The TSP Loan Cost Every Fed Misses

(Even When You “Pay Yourself Back”)

You’re on the TSP website, and the loan option looks almost… responsible.

No lender. No credit check. A payment schedule that feels neat and controlled.

That “interest back to your account” line is what makes people relax.

But the price tag just doesn’t show up as a fee.

A TSP loan is basically a trade:

  • You swap market exposure for a fixed repayment plan.

  • The money you borrow is no longer invested while it’s out.

So even if you repay every penny on time, you may still end up behind because you can’t repay the returns you never captured.

The 4 ways a TSP loan quietly costs more than it feels

1) “Opportunity cost” as the main event

The loan interest might look reasonable.

But the problem is that your loan isn’t competing with a credit card rate — it’s competing with what your portfolio might have earned.

When markets are strong, the loan can function like an unintentional “return cap” on the borrowed chunk of your balance.

You feel disciplined because you’re making payments… but your invested money would’ve been compounding without you lifting a finger.

2) The rebound penalty

This is the one that stings emotionally.

If you borrow after a market drop, you’re pulling money out when prices are already down.

Then if the market rebounds while your loan is outstanding, you miss part of the snapback.

Your repayments buy back in gradually. But often at higher prices than where you took the loan.

That’s the double whammy.

3) Your contribution rate becomes collateral (and match can leak)

Loan payments come from your paycheck. So the loan can pressure you into reducing contributions “just for a while.”

That “while” matters.

If a loan causes you to drop contributions below the level that captures the full agency match, you end up turning down free compensation.

In fact, a lot of TSP loan math looks fine until you add one line:

“Did this change reduce my matched contributions at any point?”

If yes, the loan got meaningfully more expensive.

4) Separation risk turns a loan into a deadline

A TSP loan is easiest when your job situation is stable.

If you separate from federal service with a loan outstanding, the timeline tightens fast.

And if you can’t deal with it in time, it can become a taxable event (and possibly a penalty event, depending on age and specifics).

This is why loans are often “fine”… until they’re suddenly not.

Should you even consider it?

A TSP loan is usually in the least-bad category only when it checks most of these boxes:

  • You’re replacing truly toxic debt or preventing a financial emergency from getting worse

  • The amount is modest and the payoff window is short

  • You can keep contributions high enough to protect the match

  • You have low separation risk (or a clear backup plan if you leave)
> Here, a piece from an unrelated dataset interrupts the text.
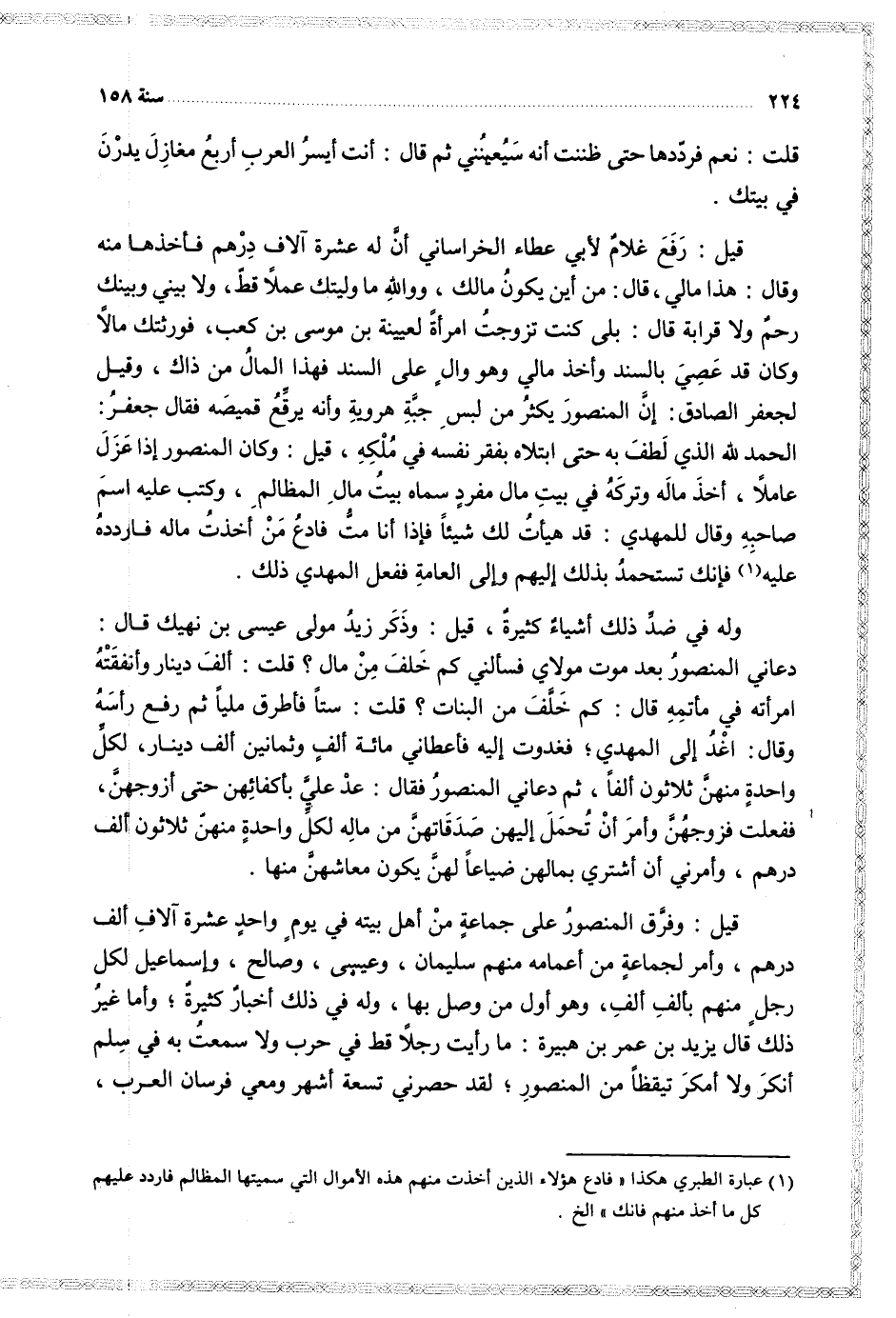 قيل رفع غلام لأبي عطاء الخراساني انه له عشرة آلاف درهم فأخذها منه وقال هذا مالي قال من أين يكون مالك ووالله ما وليتك عملا قط ولا بيني وبينك رحم ولا قرابة قال بلى كنت تزوجت أمرأة لعيينة بن موسى بن كعب فورثتك مالأ وكان قد عصى بالسند واخذ مالي وهو وال على السند فهذا المال من ذاك وقيل لجعفر الصادق أن المنصور يكثر من لبس جبو هروية وانه يرقع قميصه فقال جعفر الحمد لله الذي لطف به حتى ابتلاه بفقر نفسه في ملكه قيل وكان المنصور إذا عزل عاملا اخذ ماله وتركه في بيت مال مفرد سماه بيت مال المظالم وكتب عليه اسم صاحبه وقال للمهدي قد هيأت لك شيئا فإذا أنا مت فادع من أخذت ماله فاردده عليه فانك تستحمد بذلك إليهم والى العامة ففعل المهدي ذلك
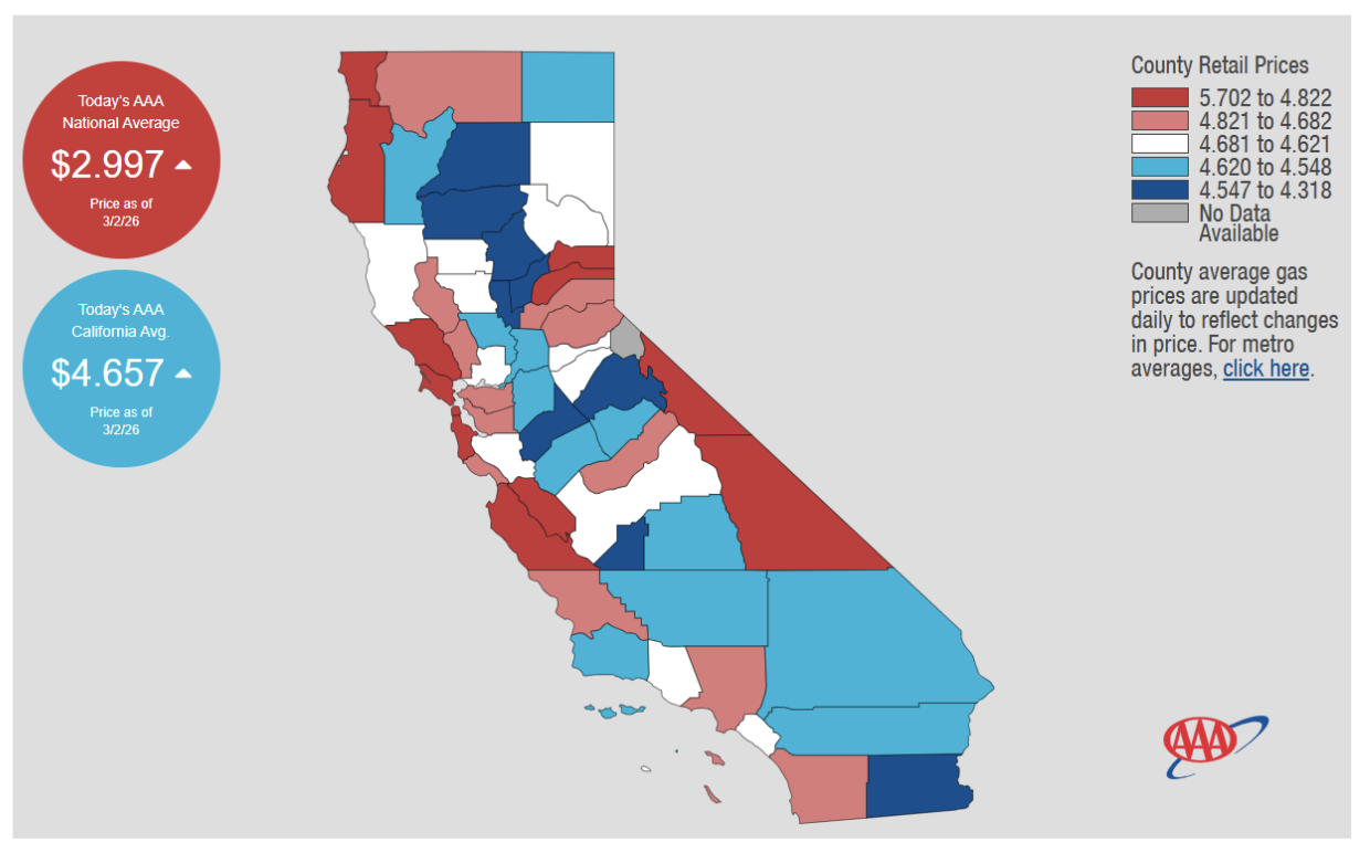 An average gallon of gas now costs $4.65, while the national average is $3.

  • You’re not borrowing because you’re uncomfortable with market volatility

But if you plan to borrow anyway, here are some guardrails to consider:

  1. Borrow the minimum that solves the problem (not the maximum you qualify for)

  2. Shortest term you can realistically handle

  3. Protect the match like it’s untouchable

  4. Set an automatic “emergency fund rebuild” contribution so the loan doesn’t become a habit

  5. Avoid borrowing right after sharp drops (that’s when rebound risk is highest)

  6. Write down your separation plan (what happens to this loan if you change agencies, retire earlier, etc.)

  7. Schedule a payoff milestone (example: “half paid by X date”), not just an end date

The bottom line

The loan isn’t “free” because the interest goes back to you.

The real cost shows up in interrupted compounding, forced contribution cuts, and being out of the market at the wrong time.

If you can clear those three hurdles, it might be a reasonable tool.

But if you can’t…

It’s often a quiet drag on the financial freedom you’re trying to build.